◆ What you need to do ◆
Copy out exactly the lines from the one containing "ケースの封入は3〜4分で終了" to the last line of the records below, both included, and leave out any pictures.
"""
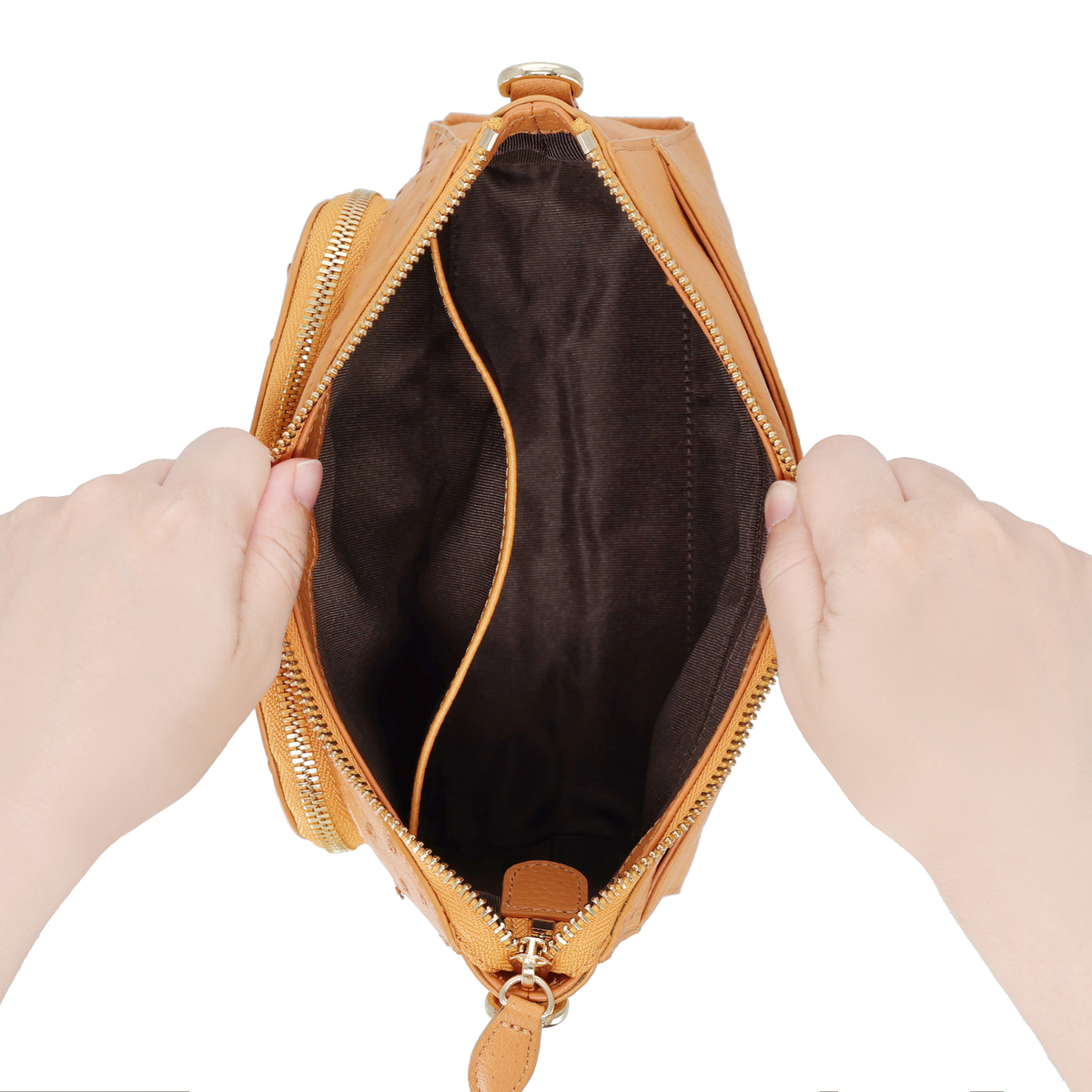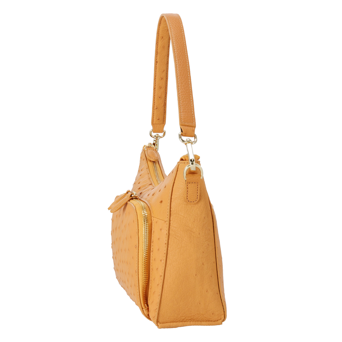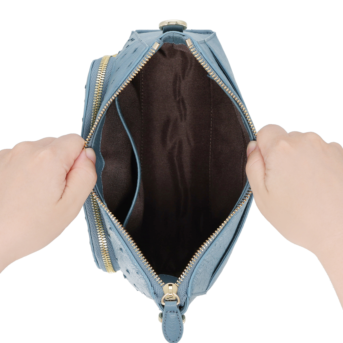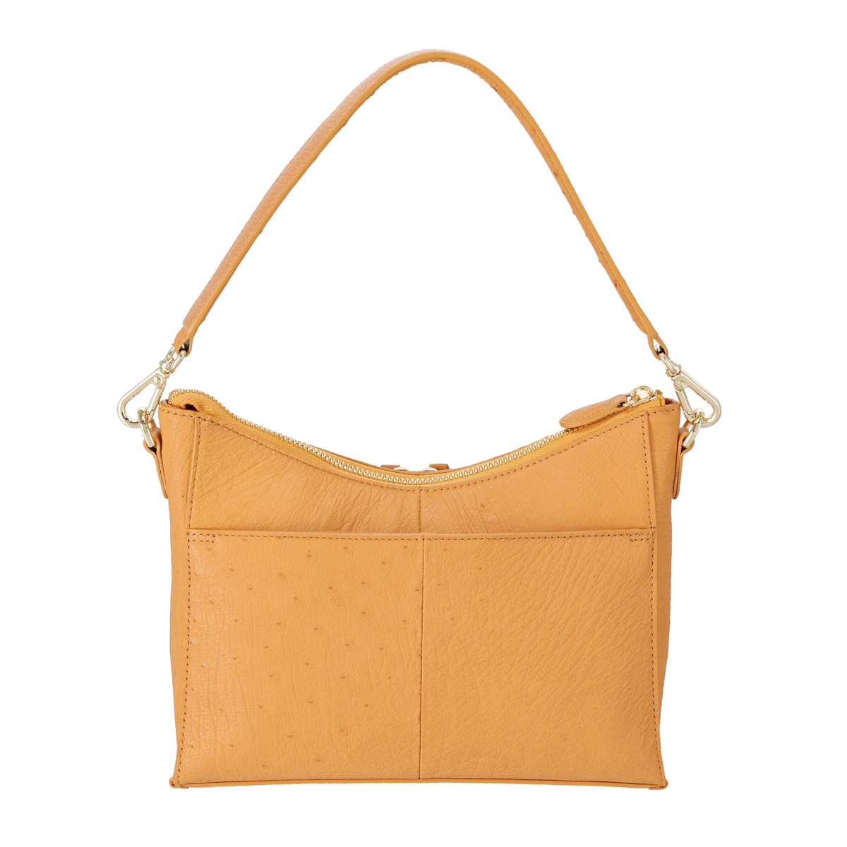 本体前面・背面・側面、ハンドル表面にオーストリッチ革を使ったショルダーバッグ。前面にクイルマーク付きの部位を使用しているので、その経年変化まで楽しんで頂けます。底面やハンドルの裏面、ショルダーには牛革を使用した、フルレザー仕立てです
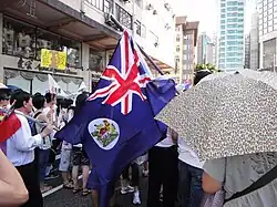 Pessoas marcham com a bandeira britânica de Hong Kong no dia da transferência da soberania para a China
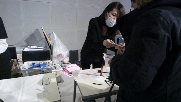 ケースの封入は3〜4分で終了するが、メディアをビニールに封入する作業はすぐに終わらない。10分間で100枚のメディア封入を2人で完了させるのは不可能なので3人体制に変更。制限時間内に商品の用意が完了した。
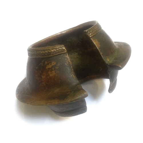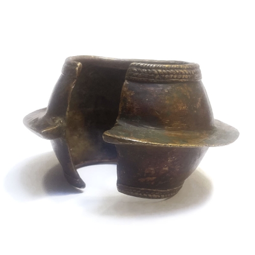 Bracelet en alliage cuivreux réalisé selon la technique de la fonte à la cire perdue. Acheté à GenèveEnchères, l'origine est imprécise, mais certainement du Burkina Faso, MOSSI, ou Côte d'Ivoire, BAOULÉ.  Peu ou pas porté, ce bracelet a une belle patine.
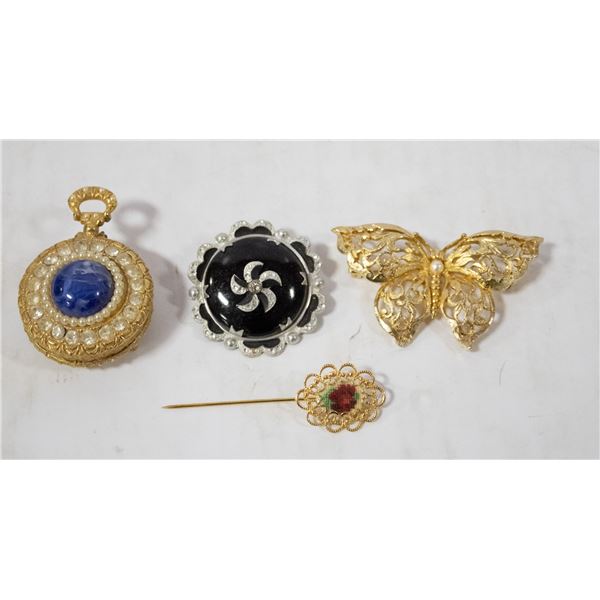 ESTATE COLLECTION OF BROOCHES & PILL KEEPER
"""
◆ Task solution ◆
 ケースの封入は3〜4分で終了するが、メディアをビニールに封入する作業はすぐに終わらない。10分間で100枚のメディア封入を2人で完了させるのは不可能なので3人体制に変更。制限時間内に商品の用意が完了した。
 Bracelet en alliage cuivreux réalisé selon la technique de la fonte à la cire perdue. Acheté à GenèveEnchères, l'origine est imprécise, mais certainement du Burkina Faso, MOSSI, ou Côte d'Ivoire, BAOULÉ.  Peu ou pas porté, ce bracelet a une belle patine.
 ESTATE COLLECTION OF BROOCHES & PILL KEEPER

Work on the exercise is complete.